• [Supplied information]
_ _ _

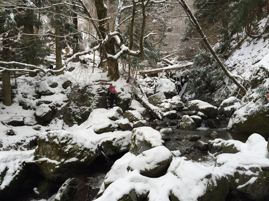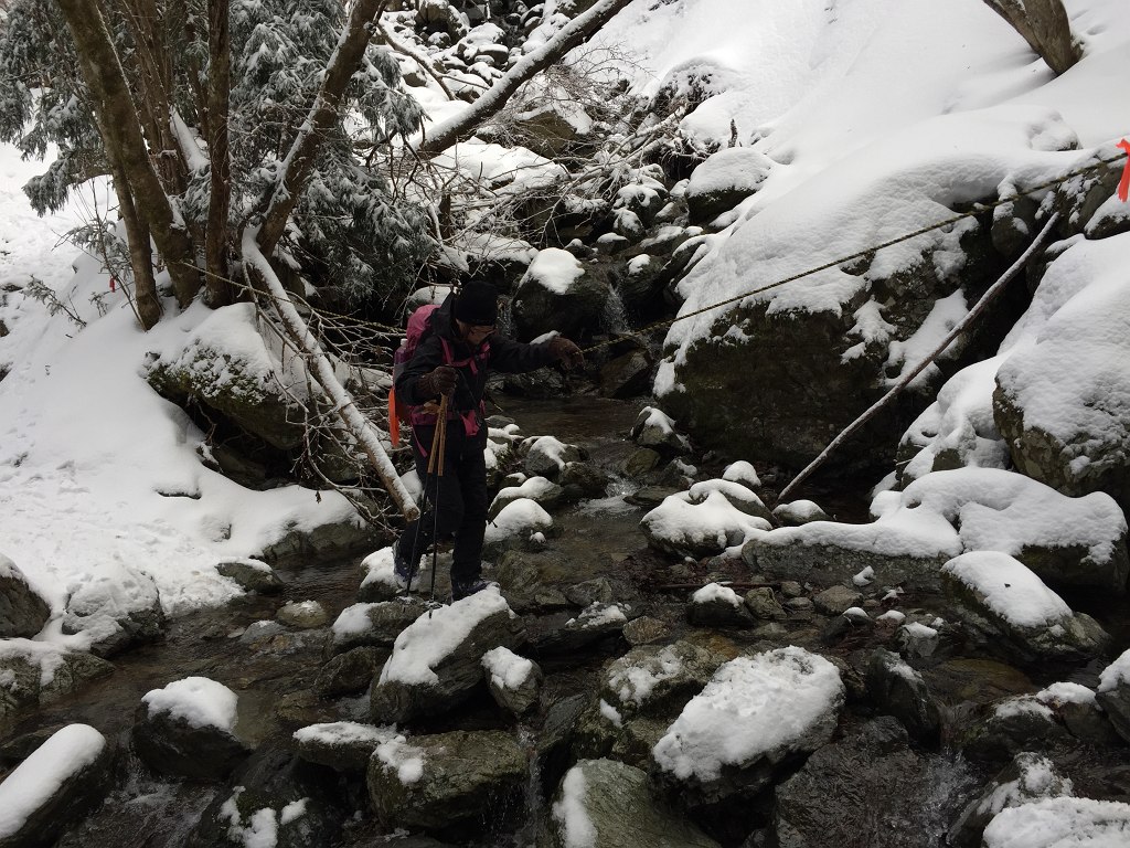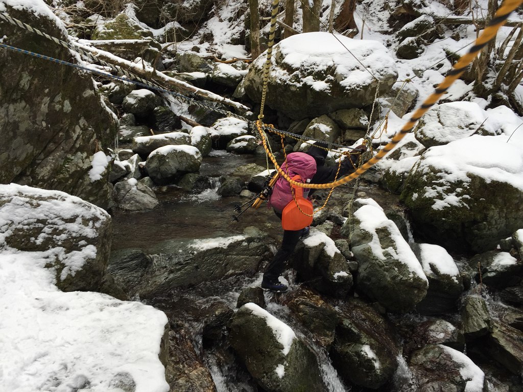 さらに沢渡りと梯子。ここ積雪あると結構難易度あがる
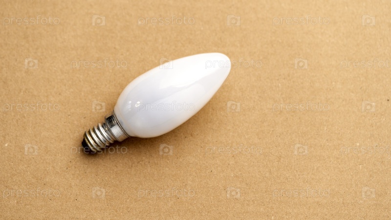 Белая лампочка стоит на коричневой поверхности
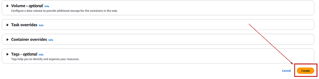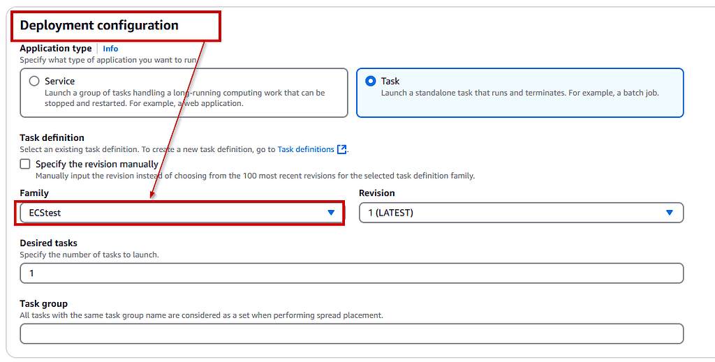 - Task Size: Specify the task’s memory and CPU requirements (e.g., 0.5 vCPU and 1GB RAM).

_ _ _

• [What needs to be done]
Once the pictures are removed, output the remaining material exactly.

• [Solution to the exercise]
 さらに沢渡りと梯子。ここ積雪あると結構難易度あがる
 Белая лампочка стоит на коричневой поверхности
 - Task Size: Specify the task’s memory and CPU requirements (e.g., 0.5 vCPU and 1GB RAM).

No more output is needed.